• DATASET EXCERPTS:
↓↓↓

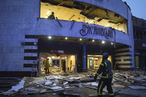 Kyiv’s mayor, Vitali Klitschko, said windows were broken in the city's Shevchenkivskyi district, and there was smoke at the entrance of a residential building. A water supply pipeline was also damaged, he added. The Lukyanivska metro station was closed after the attacks damaged its glass entrance, but was later reopened.
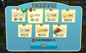 而且QQ会员还有10%的额外加成。签到第三天赠送58钻石,签到第七天赠送108钻石,签到第11天赠送288钻石,签到第14天赠送588钻石。只要连续签到,钻石神马的还是不成问题的。
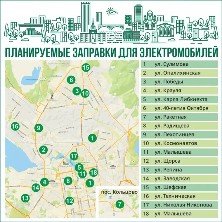 18 электрических зарядных станций для электромобилей установят по всех районах уральской столицы
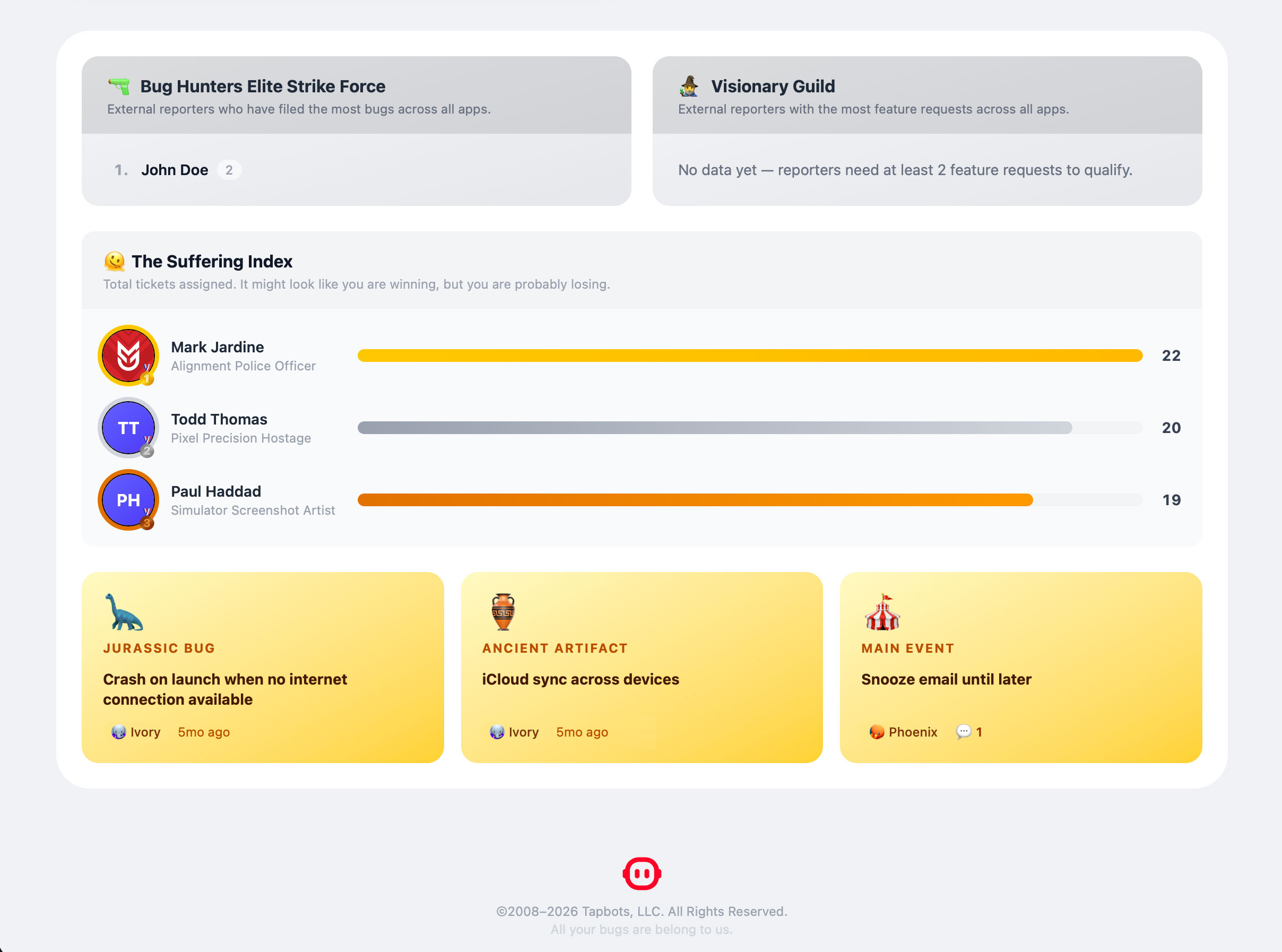 At the bottom of the dashboard, I wanted to add some pointless, but entertaining data points. Most are self-explanatory. Jurassic Bug is the oldest bug report that is still open on the site, Ancient Artifact is the oldest feature request, and Main Event is the ticket that has the most notes on it.
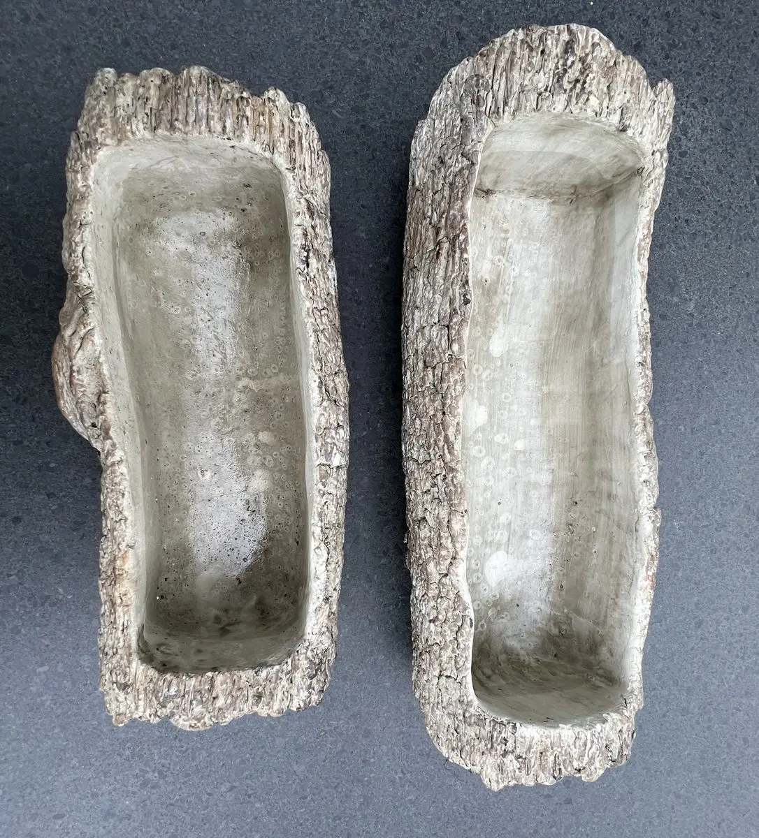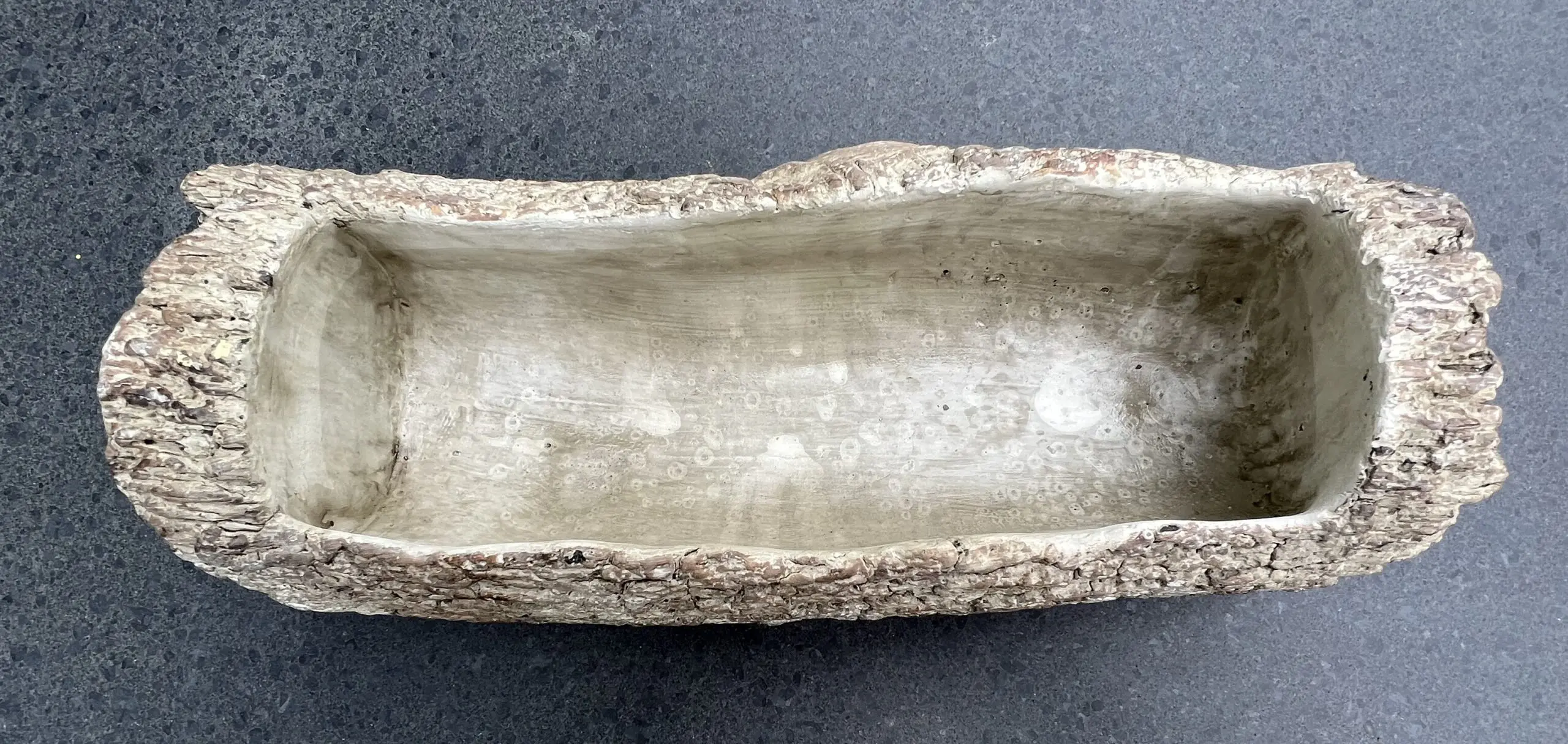 Een ovale schaal van steen in de vorm van een uitgeholde boomstam.
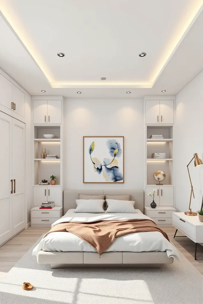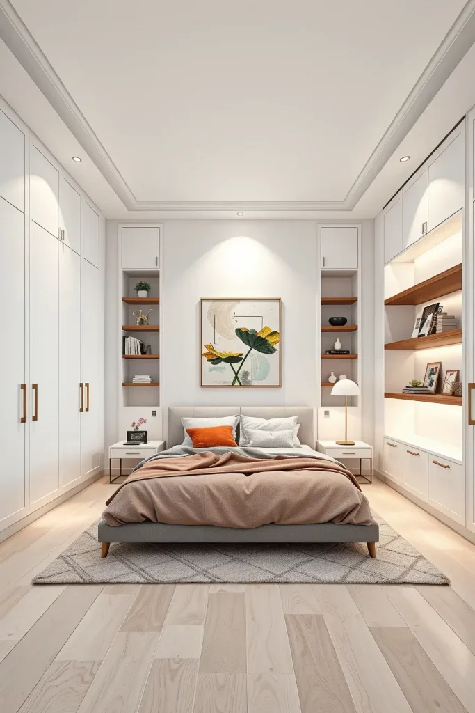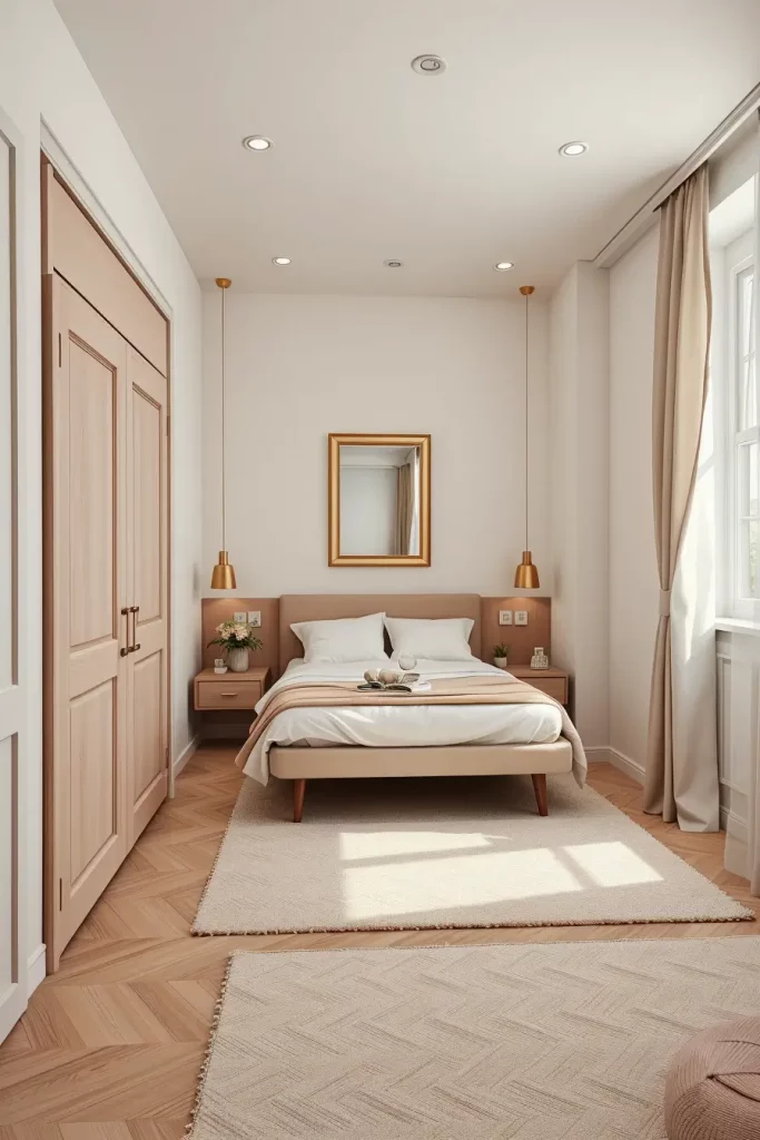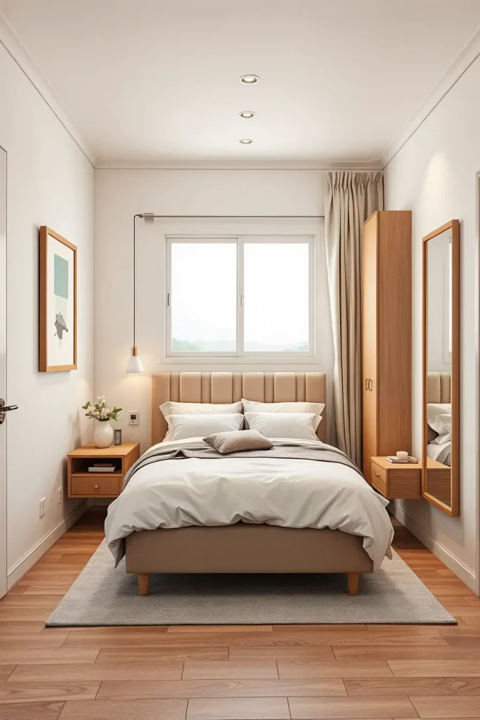 The necessary furniture consists of a bed with inbuilt storage, floating nightstands, and slim wardrobes that are well integrated into the walls. I also suggest the use of mirrors that are framed in neutral colors because they reflect light and increase the space. Bedding must remain light cotton and linen in light colors make the room feel airy.
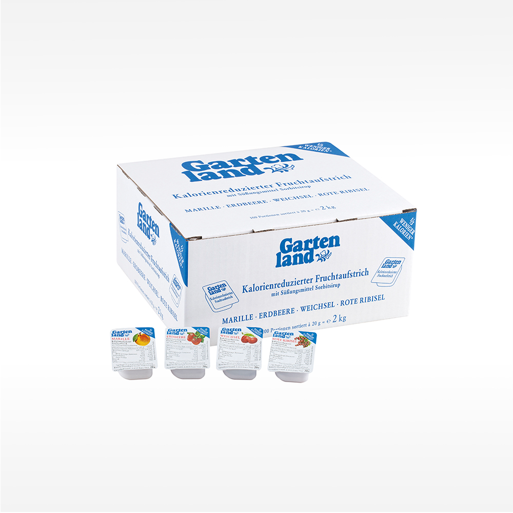 Süßungsmittel Sorbitsirup, 35 % Früchte (Marillen [Aprikosen], Erdbeeren, Weichseln [Sauerkirschen] oder Rote Ribisel [Johannisbeeren]), Geliermittel Pektin, Säuerungsmittel Citronensäure, Konservierungsstoff Kaliumsorbat
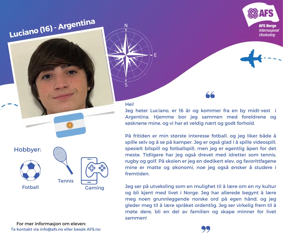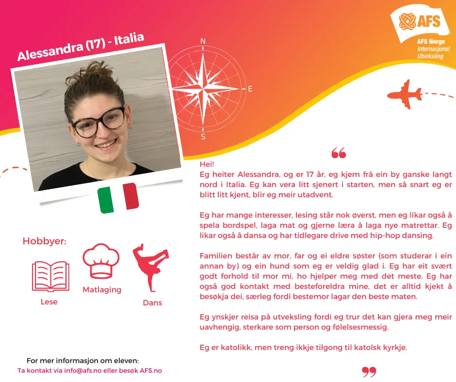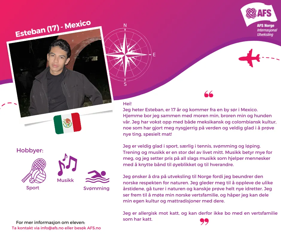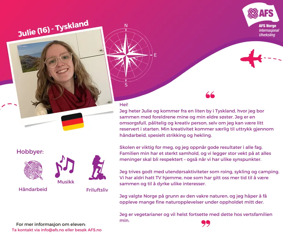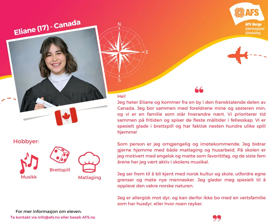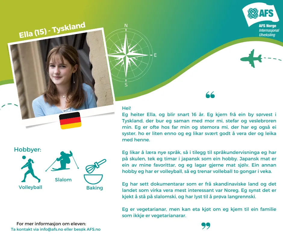 Har dere et ledig rom og har lyst på et spennende år sammen med en ungdom fra et annet land? Ikke nøl med å ta kontakt via [email protected] om dere ønsker mer informasjon om en elev!
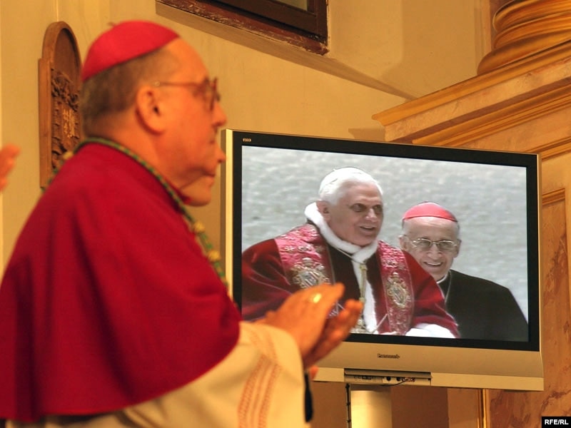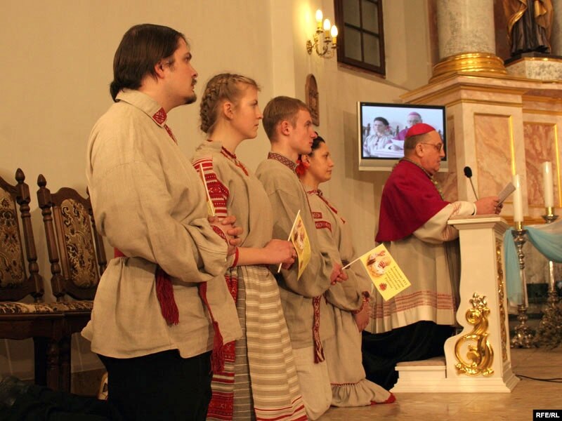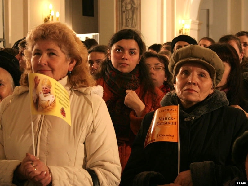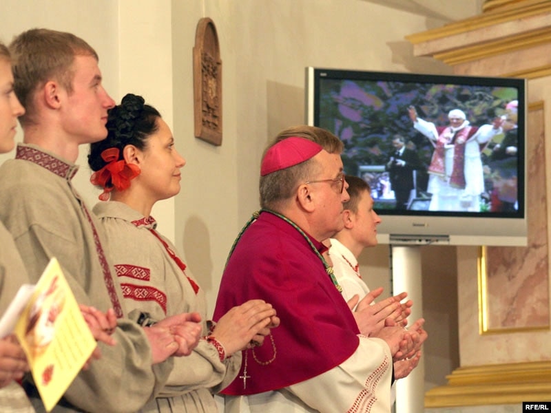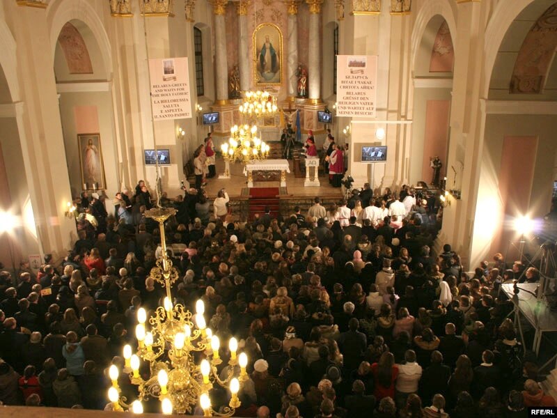 За гадзіну да тэлеўключэньня з залі Паўла VІ у Ватыкане, мітрапаліт Тадэвуш Кандрусевіч прывітаў сотні чалавек, якія сабраліся ў менскім касьцёле Панны Марыі, а таксама дзесяткі дэлегацый з розных рэгіёнаў Беларусі:
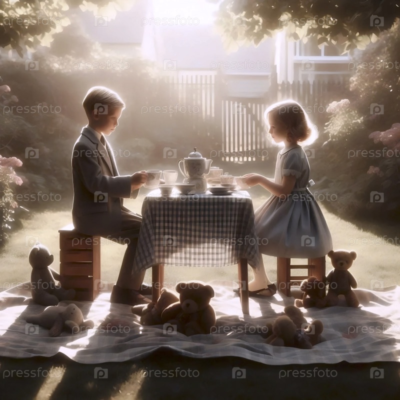 Очаровательный плакат чайной вечеринки с плюшевым медведем на заднем дворе, Ai generated image
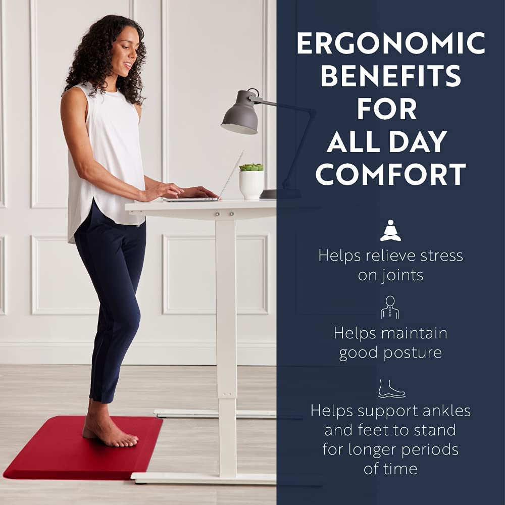 KANGAROO 3/4″ Thick Superior Comfort. Relieves Pressure. All Day Ergonomic Stain Resistant Floor Rug Anti Fatigue Cushion Mat. Durable Standing Desk. Foam Pad Mats Kitchen. Office. 20×32. Red
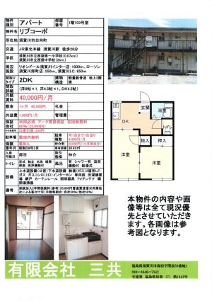 最寄駅 JR東北本線須賀川駅徒歩28分
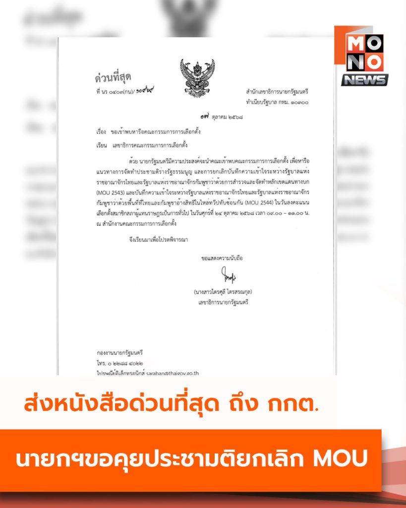วันนี้ (17 ตุลาคม) ที่ทำเนียบรัฐบาล นางสาวไตรศุลี ไตรสรณกุล เลขาธิการนายกรัฐมนตรี มีหนังสือ “ด่วนที่สุด” ถึงเลขาธิการคณะกรรมการการเลือกตั้ง (กกต.) แจ้งว่า นายอนุทิน ชาญวีรกูล นายกรัฐมนตรีและรัฐมนตรีว่าการกระทรวงมหาดไทย มีความประสงค์จะนำคณะเข้าพบเพื่อหารือแนวทางการจัดทำประชามติร่างรัฐธรรมนูญ และการยกเลิกบันทึกความเข้าใจระหว่างไทย–กัมพูชา ทั้งสองฉบับ ได้แก่ MOU 43 ว่าด้วยการสำรวจและจัดทำหลักเขตแดนทางบก และ MOU 44 ว่าด้วยพื้นที่ไหล่ทวีปทับซ้อนในอ่าวไทย

↑↑↑

• TASK DESCRIPTION:
Print, with pictures removed, exactly the lines of the records above from the top through the line containing "18 электрических зарядных".

• RESPONSE FOR THIS EXERCISE:
 Kyiv’s mayor, Vitali Klitschko, said windows were broken in the city's Shevchenkivskyi district, and there was smoke at the entrance of a residential building. A water supply pipeline was also damaged, he added. The Lukyanivska metro station was closed after the attacks damaged its glass entrance, but was later reopened.
 而且QQ会员还有10%的额外加成。签到第三天赠送58钻石,签到第七天赠送108钻石,签到第11天赠送288钻石,签到第14天赠送588钻石。只要连续签到,钻石神马的还是不成问题的。
 18 электрических зарядных станций для электромобилей установят по всех районах уральской столицы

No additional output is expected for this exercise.